Question

A lady carrier for haemophilia (Hh) marries a normal man (HO). Daughters of such a lady would be
A. 50% normal (HH) and 50% carrier (Hh)
B. 50% normal (HH) and 50% haemophilic (hh)
C. 50% carrier (Hh) and 50% haemophilic (hh)
D. 25% carrier (Hh) and 75% haemophilic (hh)
E. 75% carrier (Hh) nad 25% haemophilic (hh)

Answer 1

Haemophilia is an inherited bleeding disorder in which the blood doesn’t clot properly. People with haemophilia have lower levels of either factor VIII (8) or factor IX (9).

Complete Answer:
Before we find the answer, let us know a little more about haemophilia. It is an X- linked recessive disorder. It is caused by a mutation in the genes that provide instructions for making the clotting factor proteins that are needed for clotting of blood. The genes are situated in the X chromosome. Males have one X chromosome and one Y chromosome (XY) while females have two X chromosomes (XX).

The two most common type of haemophilia are:
1. Haemophilia A (Classic haemophilia)- Caused by lack or decrease of clotting factor VIII
2. Haemophilia B (Christmas disease)- Caused by lack or decrease of clotting factor IX

Let us analyze the correct answer,
Option A: A carrier female has one defective gene on one of the X chromosomes i.e, ($HH^1$) and a normal male has no defective gene on X chromosome (HH). The 4 types of possible progenies are normal male (HO), carrier female ($HH^1$), haemophilic male ($H^{1}O$) and normal female (HH). Daughters of such a lady can be 50% normal (HH) and 50% carrier (Hh). Therefore, this is the correct option.

| H| $H^{1}$
---|---|---
H| HH| $HH^1$
O| HO| $H^{1}O$

Option B: When a lady carrier (Hh) marries a normal man (HO), there is no chance for daughter with haemophilia (hh) because for the disease to be expressed both the genes should be recessive ($H^{1}H^{1}$). Therefore, this is an incorrect option.
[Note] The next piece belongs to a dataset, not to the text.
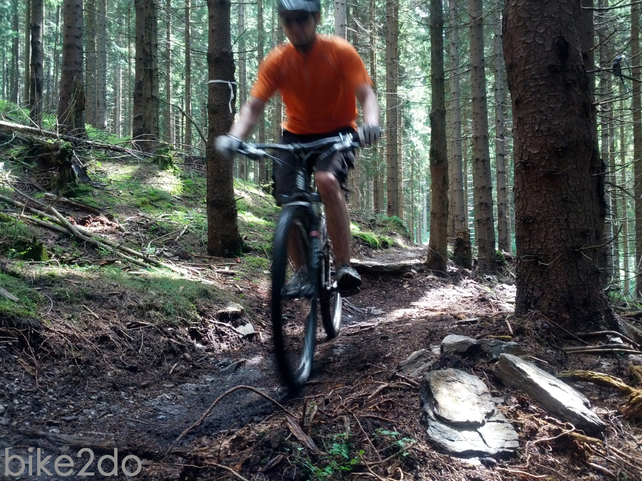 Nachdem alles soweit vorbereitet war, bekamen wir noch unsere Karten mit den einzelnen Routen. Gut gekennzeichnet und schön zu sehen war, dass verschiedene Schwierigkeitsgrade der Trails angegeben waren, ebenso wie die Gesamtlänge der Trails sowie die der einzelnen Teilabschnitte. Auch Abkürzungen und Waldwege waren deutlich gekennzeichnet und erleichterten uns somit die Orientierung. Auch auf den Trails selbst waren jeweils entsprechende Wegmarkierungen zu finden. Sehr erfreulich war zudem die „Einbahnstrassenführung“, sodass einem auf dem Trail nicht plötzlich potentieller Gegenverkehr den Flow oder die Abfahrtsfreude nimmt.

Option C: When a lady carrier (Hh) marries a normal man (HO), there is no chance for daughter with haemophilia (hh) because for the disease to be expressed both the genes should be recessive ($H^{1}H^{1}$). Therefore, this is an incorrect option.

Option D: When a lady carrier (Hh) marries a normal man (HO), there is no 25% chance for a daughter to become a carrier and no 75% chance for a daughter with haemophilia (hh) because for the disease to be expressed both the genes should be recessive ($H^{1}H^{1}$). Therefore, this is an incorrect option.
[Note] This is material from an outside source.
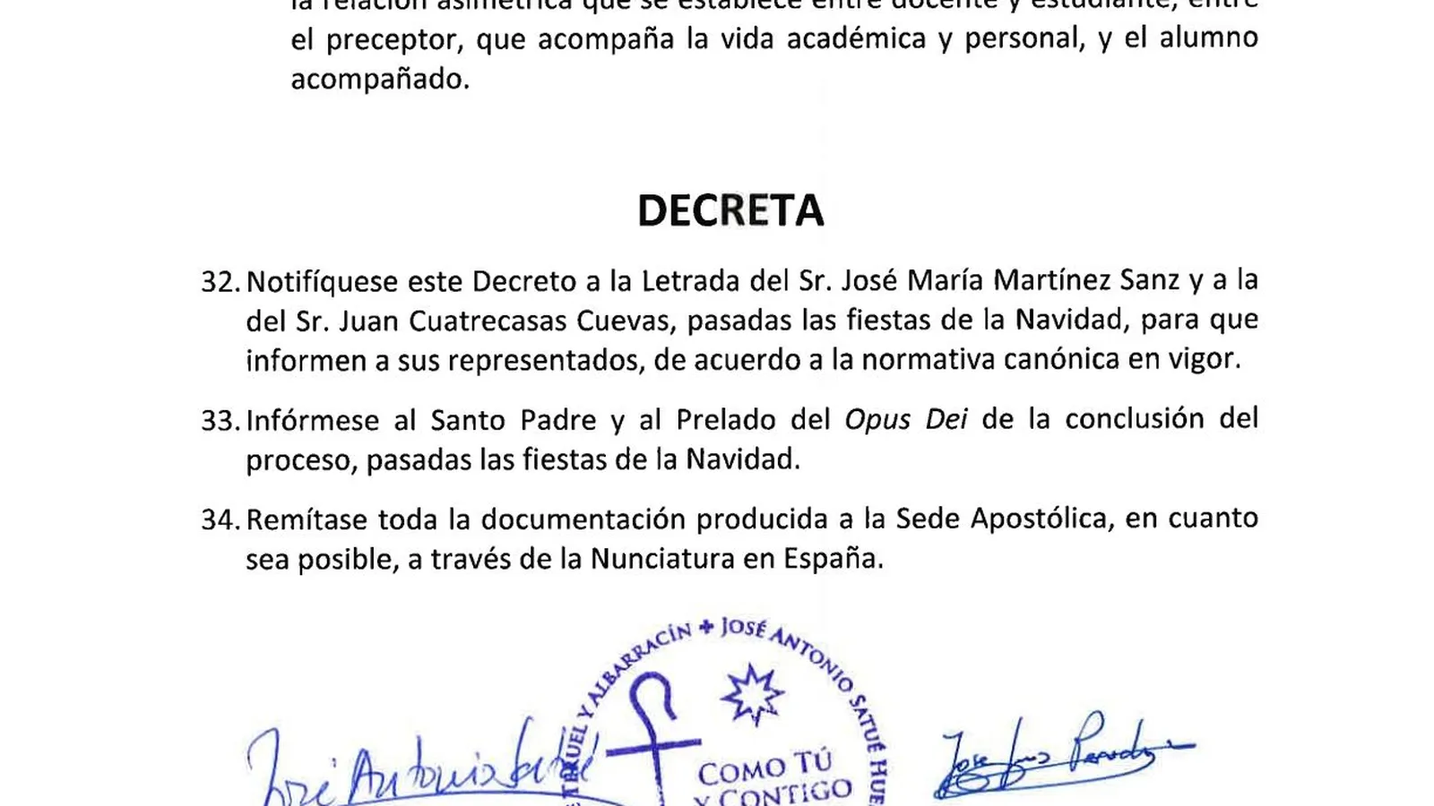 “Los hechos probados, cometidos contra un menor de edad e imputables al acusado, constituyen una causa grave que justifican la expulsión de la Prelatura”, según el artículo 30.1 del Código de Derecho Particular del Opus Dei. Esta es la conclusión de la sentencia del ‘caso Gaztelueta’, firmada por el delegado pontificio, José Antonio Satué, y el notario José Luis Perucha, y a la que ha tenido acceso RD. La expulsión de Sanz del Opus es la única medida que se toma: no se establecen indemnizaciones, ni hay órdenes ejecutivas contra la Obra o contra los otros participantes en el proceso.

Option E: When a lady carrier (Hh) marries a normal man (HO), there is no 75% chance for a daughter to be a carrier (Hh) and no 25% chance to become haemophilic because for the disease to be expressed both the genes should be recessive ($H^{1}H^{1}$). Therefore, this is an incorrect option.

Hence the correct answer is option A.

Additional Information:
- The X chromosome contains many genes that are not present in the Y chromosome. Therefore, male have one copy of most of the genes on the X chromosome whereas females have two copies.
- So, males can become haemophilic if they inherit an affected X chromosome with mutation in clotting factor VIII or IX. Females can also become haemophilic but it is rarer. A female is a carrier if she has one affected X chromosome and shows symptoms of haemophilia. She can also pass this affected X chromosome to her children.

Note: Some families have haemophilia even though there is no prior history of haemophilia in the family. Sometimes female carriers can have normal sons, just by chance.